━━━━━ MATERIAL FOR THIS EXERCISE

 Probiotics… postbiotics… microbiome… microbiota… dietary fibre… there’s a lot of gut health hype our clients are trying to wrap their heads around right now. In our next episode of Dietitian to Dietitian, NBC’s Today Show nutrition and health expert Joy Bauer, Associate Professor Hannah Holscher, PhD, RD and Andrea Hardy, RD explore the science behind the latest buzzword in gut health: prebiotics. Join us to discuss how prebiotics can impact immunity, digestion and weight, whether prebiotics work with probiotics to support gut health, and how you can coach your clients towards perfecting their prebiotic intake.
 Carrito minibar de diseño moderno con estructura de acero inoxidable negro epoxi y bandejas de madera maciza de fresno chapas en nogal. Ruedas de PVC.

━━━━━━━━━━
━━━━━ MATERIAL FOR THIS EXERCISE

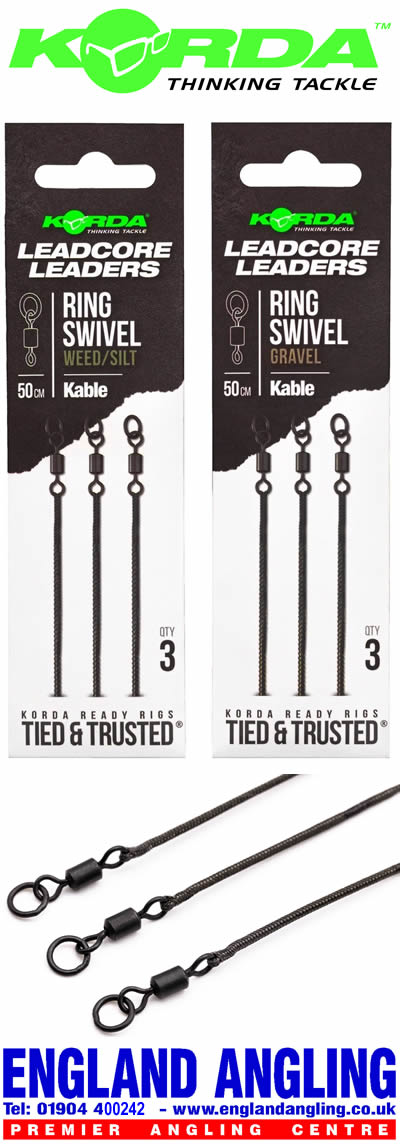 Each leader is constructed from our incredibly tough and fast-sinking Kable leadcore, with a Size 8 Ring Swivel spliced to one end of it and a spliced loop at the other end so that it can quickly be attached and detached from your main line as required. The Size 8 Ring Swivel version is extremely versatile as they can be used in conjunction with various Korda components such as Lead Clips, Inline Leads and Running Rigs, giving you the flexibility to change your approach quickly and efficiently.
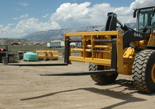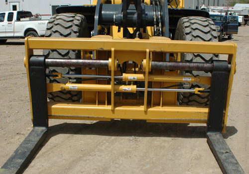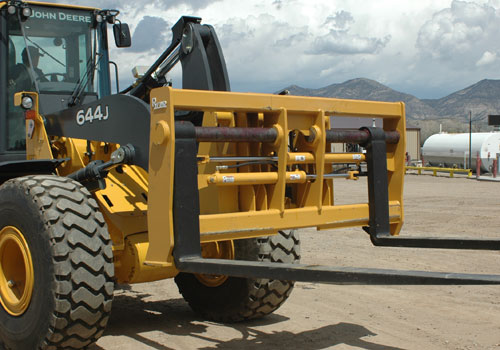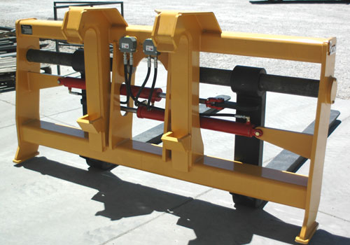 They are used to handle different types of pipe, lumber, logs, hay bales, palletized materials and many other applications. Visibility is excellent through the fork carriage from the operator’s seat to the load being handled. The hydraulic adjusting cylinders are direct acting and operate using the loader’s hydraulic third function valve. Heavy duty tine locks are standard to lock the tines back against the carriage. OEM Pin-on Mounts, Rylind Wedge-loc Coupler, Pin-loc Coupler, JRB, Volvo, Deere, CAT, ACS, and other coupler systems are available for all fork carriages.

━━━━━━━━━━

__WORK TO COMPLETE__. All lines above from the line with "Probiotics… postbiotics… microbiome…" through the line with "Carrito minibar de", both included, are to be set down exactly, with nothing else.

__SOLUTION FOR THIS EXERCISE__.
 Probiotics… postbiotics… microbiome… microbiota… dietary fibre… there’s a lot of gut health hype our clients are trying to wrap their heads around right now. In our next episode of Dietitian to Dietitian, NBC’s Today Show nutrition and health expert Joy Bauer, Associate Professor Hannah Holscher, PhD, RD and Andrea Hardy, RD explore the science behind the latest buzzword in gut health: prebiotics. Join us to discuss how prebiotics can impact immunity, digestion and weight, whether prebiotics work with probiotics to support gut health, and how you can coach your clients towards perfecting their prebiotic intake.
 Carrito minibar de diseño moderno con estructura de acero inoxidable negro epoxi y bandejas de madera maciza de fresno chapas en nogal. Ruedas de PVC.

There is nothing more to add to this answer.